(Entries taken from a collection)
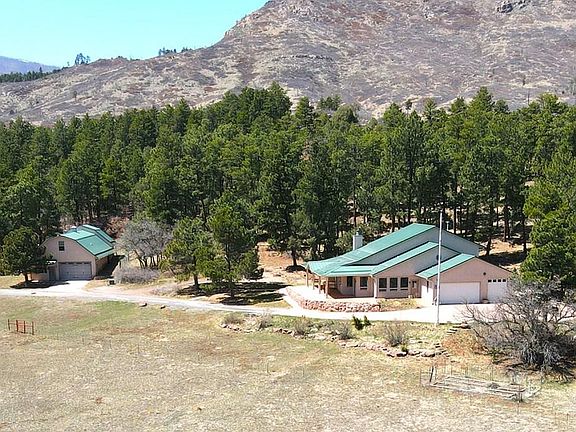Private and picturesque 57-acre mountain property located just outside the town of Beulah, CO. The main home features 3 bedrooms, 2 full bathrooms, open-concept living, with abundant windows allowing for natural light to fill the space, vaulted ceilings, and the warmth of a wood-burning fireplace in winter months. You will love the spacious kitchen with maple cabinets, granite countertops and black appliances. Enjoy peaceful mountain views from the large, covered patio. Attached oversized 3-car garage provides ample storage and workspace. A 30x60 outbuilding includes a separate 2-bedroom guest suite with a kitchenette and bath—ideal for multi-generational living, guests, or rental potential. The remaining structure has a 2 car garage door and is perfect for workshop space, equipment storage, or recreational use. The property boarders public land offering total privacy, abundant wildlife, and endless opportunities for outdoor recreation—hiking, riding, and exploring your own land and beyond. The entire property is completely fenced, including a small corral and loafing shed ready for horses and agricultural use. Private domestic well, septic, and high-speed internet available. With a paved road to the property, it is ideal for year-round living, vacation home, or mountain getaway. Don't miss this rare opportunity to own a true Colorado mountain sanctuary.
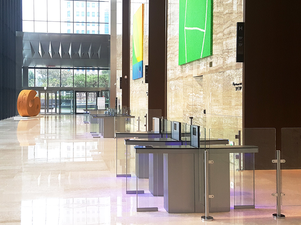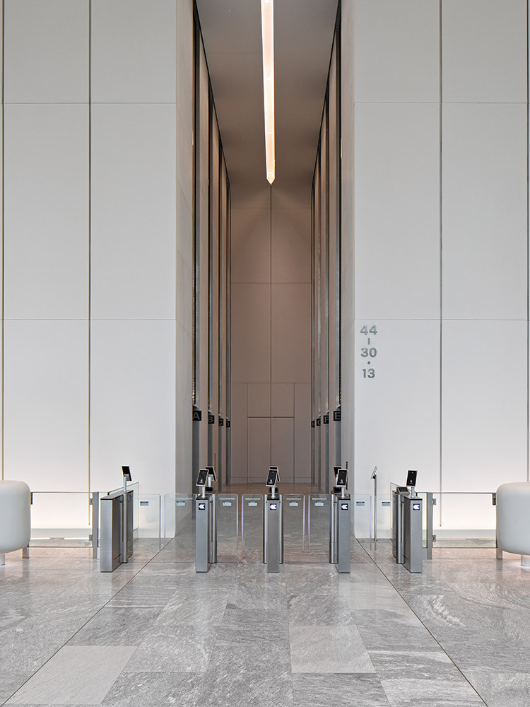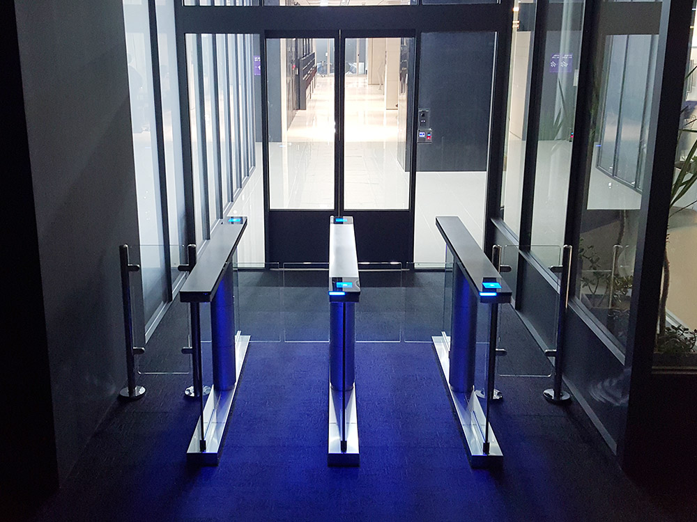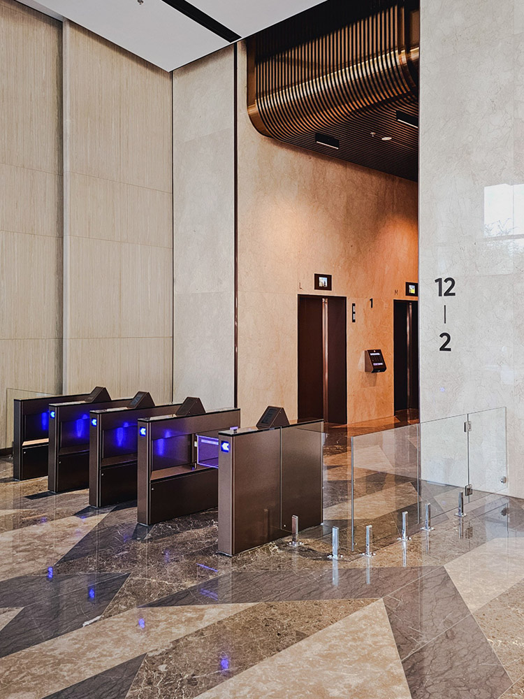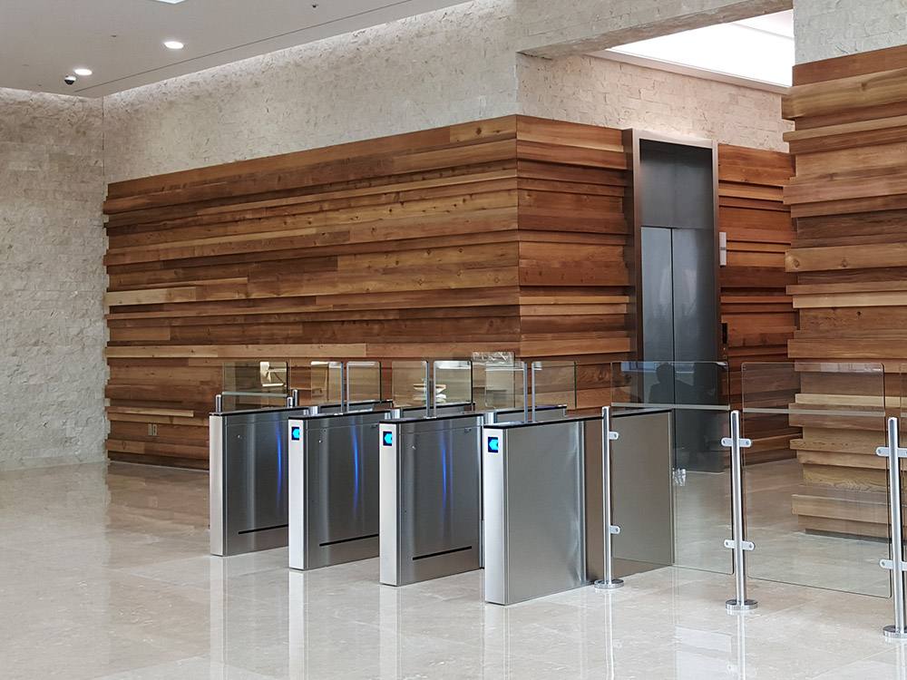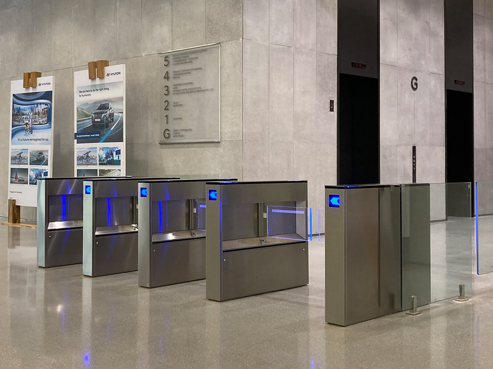 A security gate that seamlessly blends into any space. Designed with the concept of compactness and simplicity, its design harmonizes with various environments without the need for specific installation spaces. Additionally, it allows for a strict distinction between public and confidential areas.
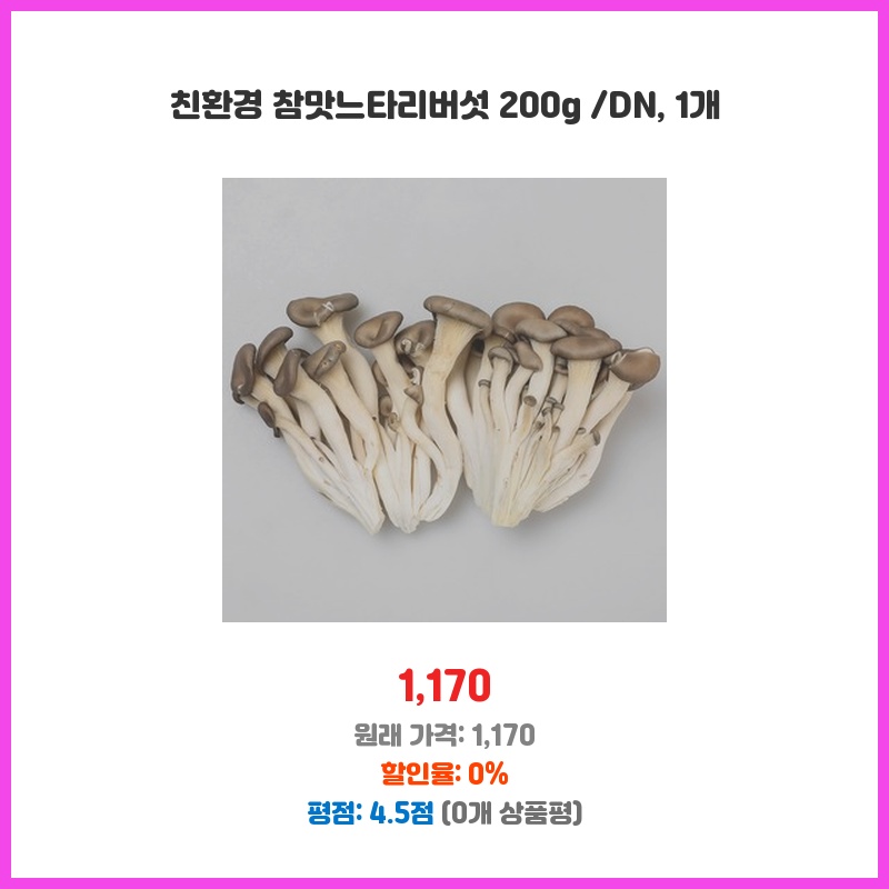 국내산 친환경 느타리버섯이라 믿고 먹을 수 있어서 구매했습니다. 200g 소포장이라 12인 가구에 적당하고, 버섯 특유의 향이 진하고 신선해서 좋았습니다. 다양한 요리에 활용하기 편리했습니다.
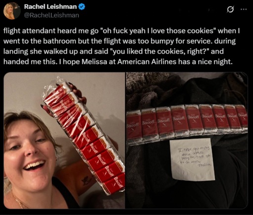 Also, for the sake of clarifying my original point: it isn’t necessarily that the cookies were free, or that there were so many of them. OOP probably would’ve been just about as happy if the flight attendant overheard her and made a point to give her just a single pack- it’s the being acknowledged and having someone make a deliberate effort for you that gives the warm and fuzzies here.
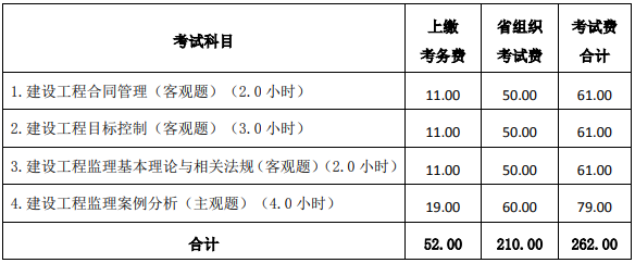 本次考試收費(fèi)標(biāo)準(zhǔn)為:報(bào)名費(fèi)每人10元,《專(zhuān)業(yè)工程管理與實(shí)務(wù)》科目考試費(fèi)為70元,其余兩科考試費(fèi)為每科60元??忌_認(rèn)報(bào)名后,已繳費(fèi)用不予退還。
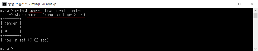 다. itwill_member에서 이름이 kang이면서 나이가 30살 이상인 회원의 성별만 출력.
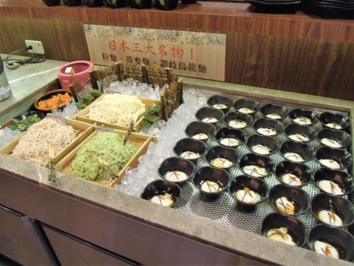 バイキングコーナーには白ご飯やカレー、サラダやフルーツなど盛りだくさん。台湾はフルーツが豊富なことでも知られていますが、季節のフルーツが食べ放題なのはうれしいですね。そしてなんと日本のラーメンやソバ、讃岐うどんや温泉たまごまで置かれています。日本の味と同じかどうか試してみるのも楽しそうですね。
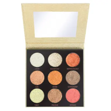 Paleta Midas Touch poseduje 9 presovanih glitera izuzetne pigmentacije. Boje su kompatibilne, mogu se lako kombinovati za kreiranje glamuroznog makeup izgleda sa gliter finišom.
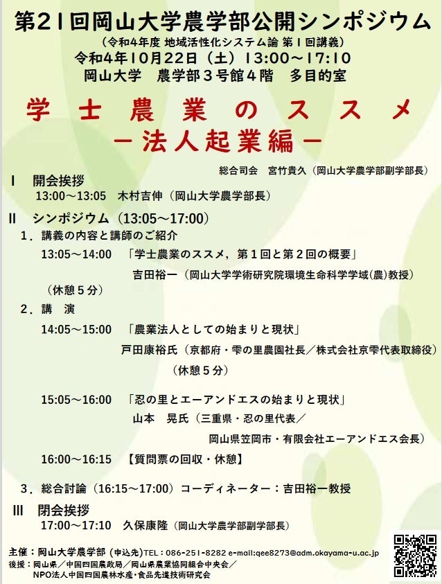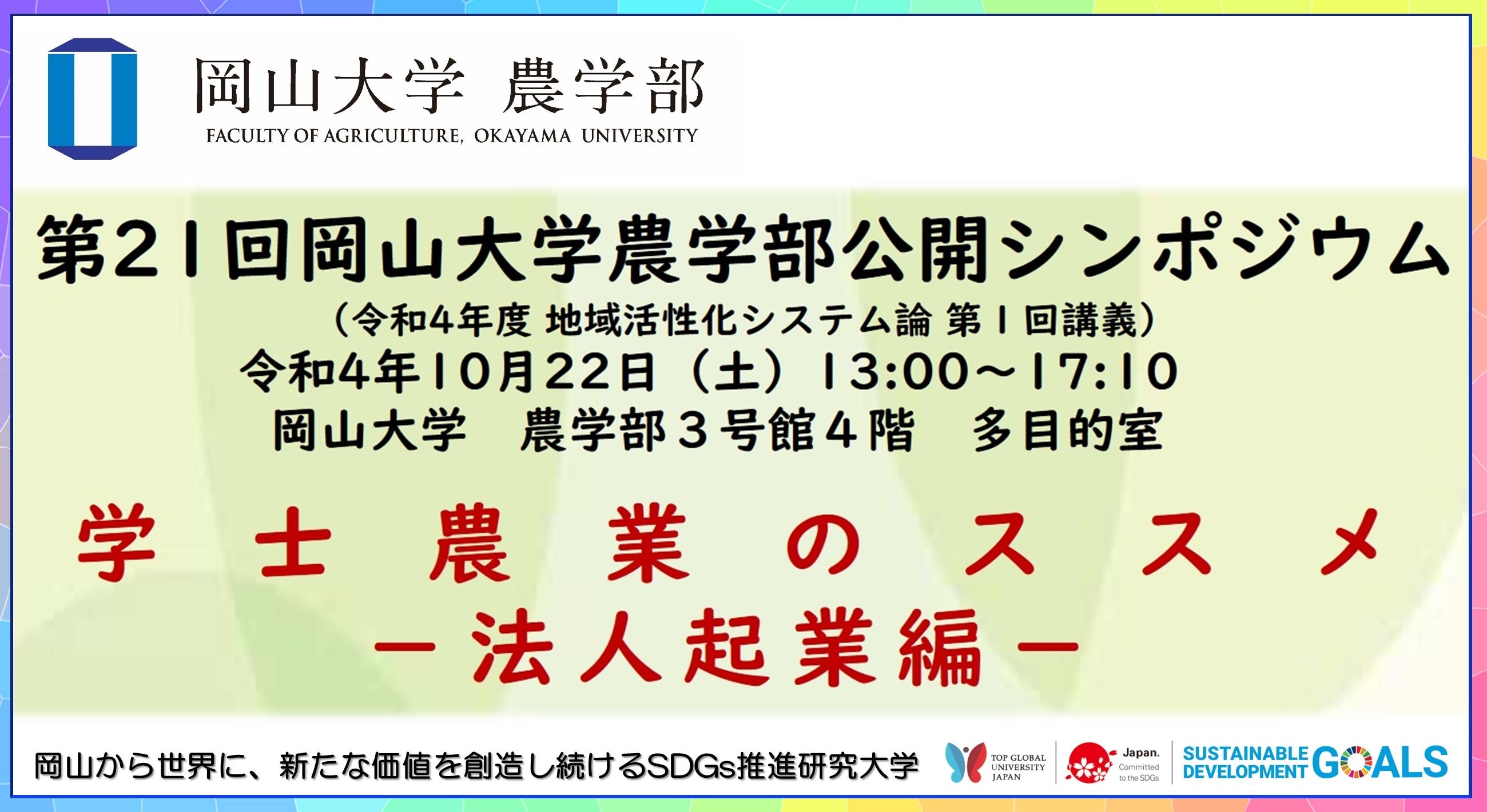 国立大学法人岡山大学(本部:岡山市北区、学長:槇野博史)農学部では、令和4年度「地域活性化システム論」を開催いたします。第1回目は「岡山大学ホームカミングデイ2022」と同日開催となる2022年10月22日(土)に「学士農業のススメ-法人起業編-」と題して開催します。
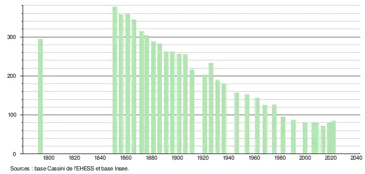 L'évolution du nombre d'habitants est connue à travers les recensements de la population effectués dans la commune depuis 1793. Pour les communes de moins de 10 000 habitants, une enquête de recensement portant sur toute la population est réalisée tous les cinq ans, les populations légales des années intermédiaires étant quant à elles estimées par interpolation ou extrapolation[25]. Pour la commune, le premier recensement exhaustif entrant dans le cadre du nouveau dispositif a été réalisé en 2008[26].
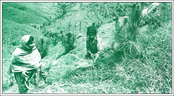 cuando las mujeres ya no pueden pacer su ganaderì en tierra dedicada a la repoblación forestal se ven obligadas a cortar y transportar todo el forraje que requieren sus búfalos

__What you are asked to do__. Find the line with "本次考試收費(fèi)標(b" in the data above, and from there retype each line exactly through the line with "バイキングコーナーには白ご飯", skipping the pictures along the way.

__Task answer__.
 本次考試收費(fèi)標(biāo)準(zhǔn)為:報(bào)名費(fèi)每人10元,《專(zhuān)業(yè)工程管理與實(shí)務(wù)》科目考試費(fèi)為70元,其余兩科考試費(fèi)為每科60元??忌_認(rèn)報(bào)名后,已繳費(fèi)用不予退還。
 다. itwill_member에서 이름이 kang이면서 나이가 30살 이상인 회원의 성별만 출력.
 バイキングコーナーには白ご飯やカレー、サラダやフルーツなど盛りだくさん。台湾はフルーツが豊富なことでも知られていますが、季節のフルーツが食べ放題なのはうれしいですね。そしてなんと日本のラーメンやソバ、讃岐うどんや温泉たまごまで置かれています。日本の味と同じかどうか試してみるのも楽しそうですね。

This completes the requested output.